First National Bank v. Reynolds

127 Me. 340 | Me. | 1928

Pattangall, J.

On exceptions and appeal. Bill of interpleader. Defendant Frank L. Minott, hereinafter referred to as executor, demurred to plaintiff’s bill. Demurrer was overruled, bill sustained, and exceptions taken.

The subject matter of the suit was a fund deposited with plaintiff by executor’s testate, who was, in her lifetime, executrix of the will of John W. Minott, of whose estate defendants Reynolds and Stanwood, hereinafter referred to as administrators, are now administrators d.b.n.c.t.a. Hearing was had on the merits and final decree entered ordering plaintiff to turn over the fund to administrators. Executor appealed and the matter comes to this court;. first, on exceptions to the overruling of the demurrer; and second,, if exceptions be not sustained, on appeal from the final decree.

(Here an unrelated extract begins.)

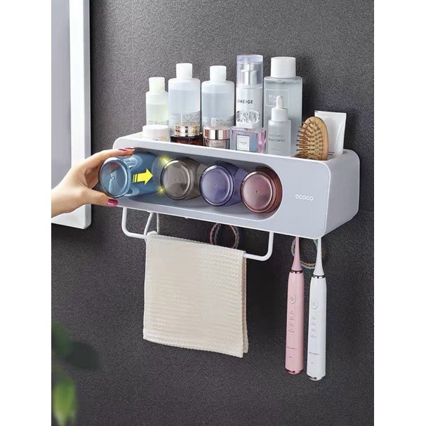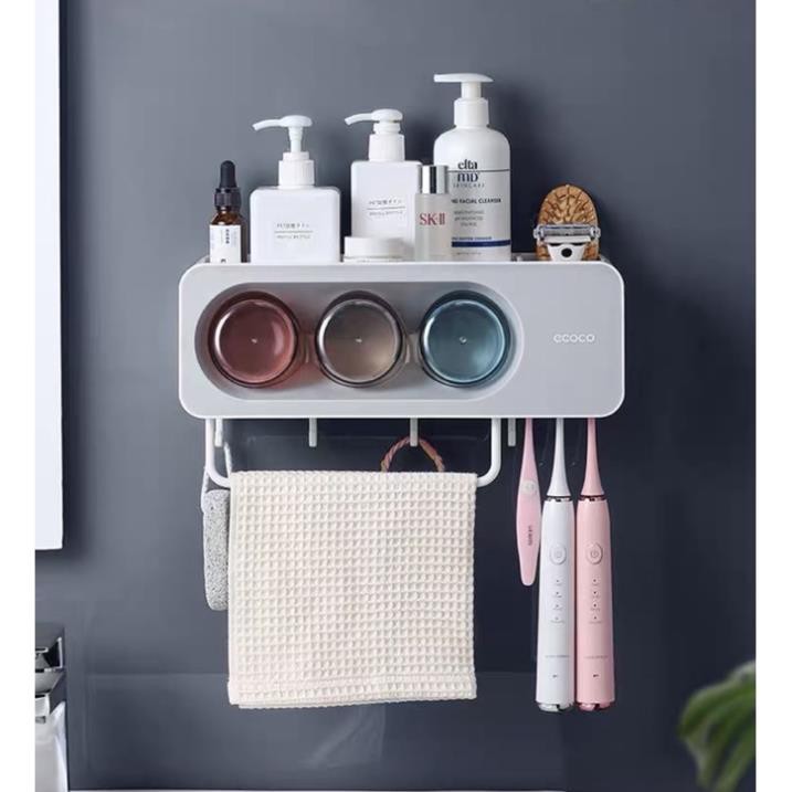 Nhà cửa & Đời sống > Đồ dùng phòng tắm > Kệ đựng bàn chải, kệ nhả kem đánh răng || kệ đồ phòng tắm, cắm chải kèm cốc dính cường lực ecoco mẫu mới nhất GDTHCòn hàng

The bill recites that Eliza D. Minott, widow of John W. Minott,. who died June 23, 1908, was appointed executrix of John W. Minott’s will on July 21,1908, and that under the terms of the will,. Mrs. Minott was given a life interest in the residue of the estate,, with power to use the principal if the income was insufficient for *343her reasonable support and maintenance, the remainder, after her decease, being given to various persons.

Mrs. Minott died May 19, 1910, and defendants Reynolds and Stanwood became administrators d.b.n.c.t.a. of the estate of John W. Minott. Defendant Frank L. Minott is executor of her will.

On July 15,1908, Mrs. Minott deposited with plaintiff $455.60, making the deposit in the name of “Eliza D. Minott, executrix.” At various times thereafter, additions to and withdrawals from this deposit were made and interest accumulated upon the balance, so that, at the time the bill was brought, it amounted to $1,534.32. Plaintiff had no knowledge as to the source of any of the deposits.

Defendants Reynolds and Stanwood as administrators notified plaintiff that they claimed the deposit as a part of the estate of John W. Minott.

Frank L. Minott, as executor, claimed the deposit as a part of the estate of Eliza D. Minott and threatened to bring suit unless it was paid over to him at once.

Plaintiff asserted that it could not safely pay the money to either and offered to bring the amount into court for the benefit of the rightful claimant and to pay as directed by the court.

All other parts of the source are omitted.